In order to Discuss Islam and Anti-Semitism Candidly, France May Need a First Amendment

January 31, 2017 | Michel Gurfinkiel
About the author: Michel Gurfinkiel is the founder and president of the Jean-Jacques Rousseau Institute, a conservative think-tank in France, and a Shillman/Ginsburg Fellow at the Middle East Forum. His “You Only Live Twice,” on the contemporary situation of European Jews, appeared in Mosaic in August 2013.

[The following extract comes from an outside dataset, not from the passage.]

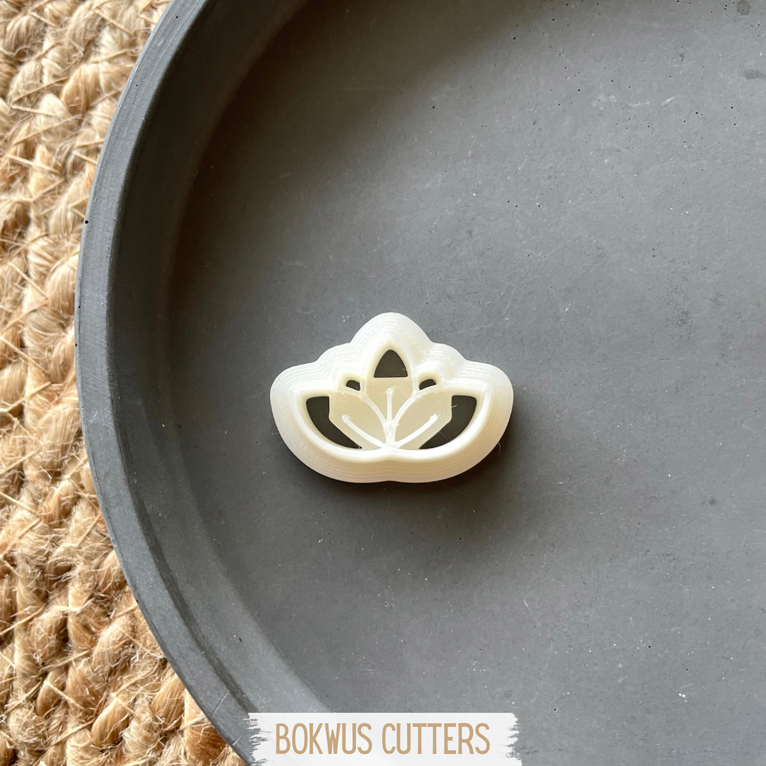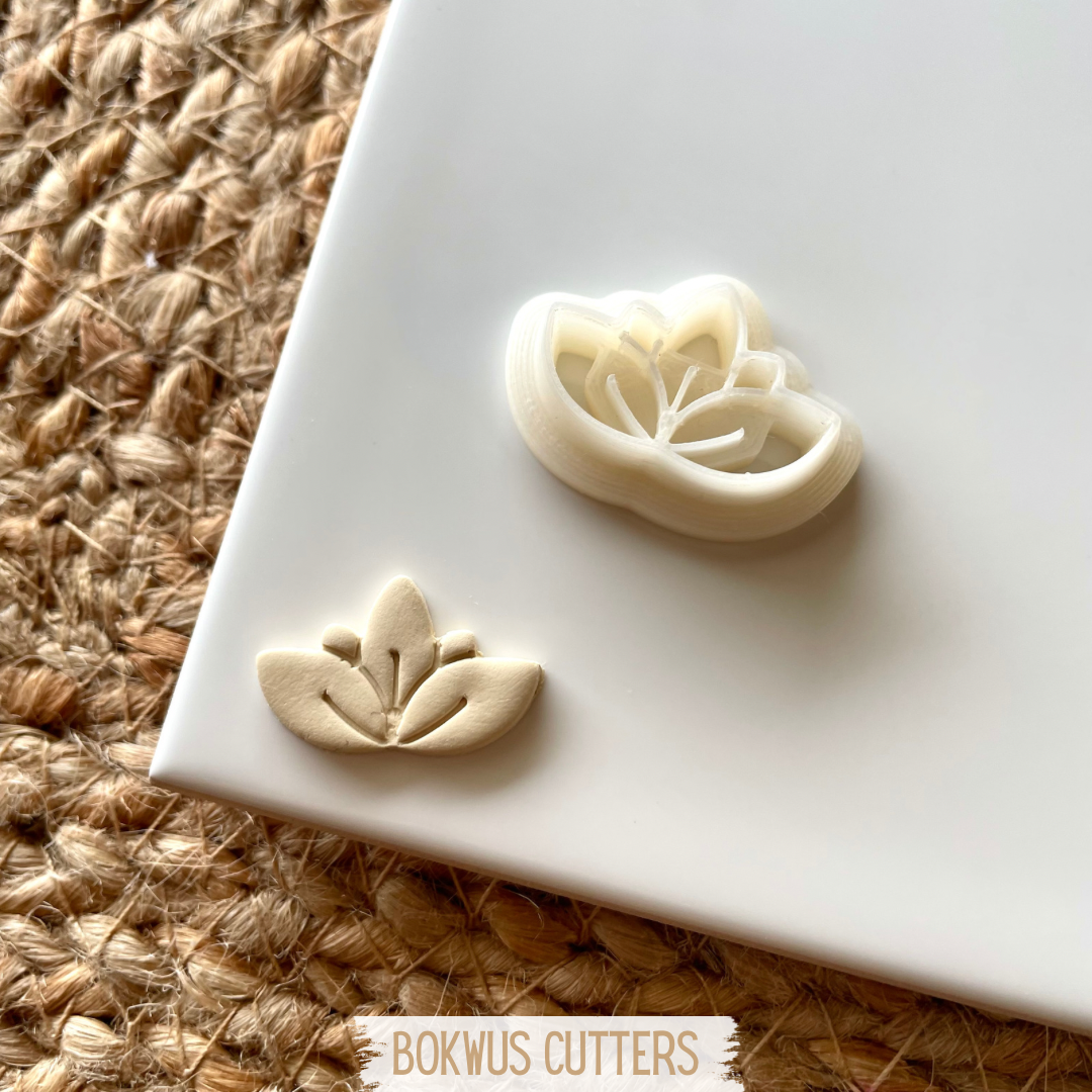 • Cortador de massa com forma de flor e peça cortada em massa bege claro

France, unlike the U.S., offers no formal guarantees of its citizens’ right to freedom of speech, in part because this right is deeply ingrained in French politics and culture. But, argues Michel Gurfinkiel, two recent instances in which Jewish intellectuals were sued for writing about Islam suggests that this needs to change. Take, for example, the case of Georges Bensoussan:

Bensoussan, sixty-four, is a French academic of Moroccan-Jewish origin, specializing in the history of modern Judaism, anti-Semitism, and the Holocaust, and the author of several seminal books on these issues. . . . During a debate aired on France-Culture (France’s cultural government-run radio station) on October 15, 2015, Bensoussan remarked that anti-Semitism was deeply rooted in the family culture of French Muslims. [Paraphrasing the work of] an Algerian sociologist, Smaïn Laacher, . . . Bensoussan . . . used a colloquial French expression: “in Arab families, . . . anti-Semitism is being ingested with the mother’s milk.”

Many politically correct intellectuals or organizations charged Bensoussan of using “biological,” meaning inherently “racist,” vocabulary. Interestingly enough, no Muslim, North African, or anti-racist group formally sued Bensoussan in court. Chances are that lawyers warned about the paucity of the charges. However, one group, the Collective against Islamophobia in France (CCIF), “signaled” the matter to the public prosecutor’s office at the very last moment. And it is the public prosecutor’s office—which, under French law, belongs to the government’s judiciary branch—that resolved to prosecute Bensoussan. . . .

Bensoussan’s trial started on January 25. [The] French League for the Rights of Man, a venerable human-rights advocacy group that evolved over the years into a left-wing group, decided to join CCIF against Bensoussan. So did SOS Racisme, an anti-racist organization with strong ties to the French Socialist party founded in 1984. . . [M]aybe a French First Amendment will be a necessity after all.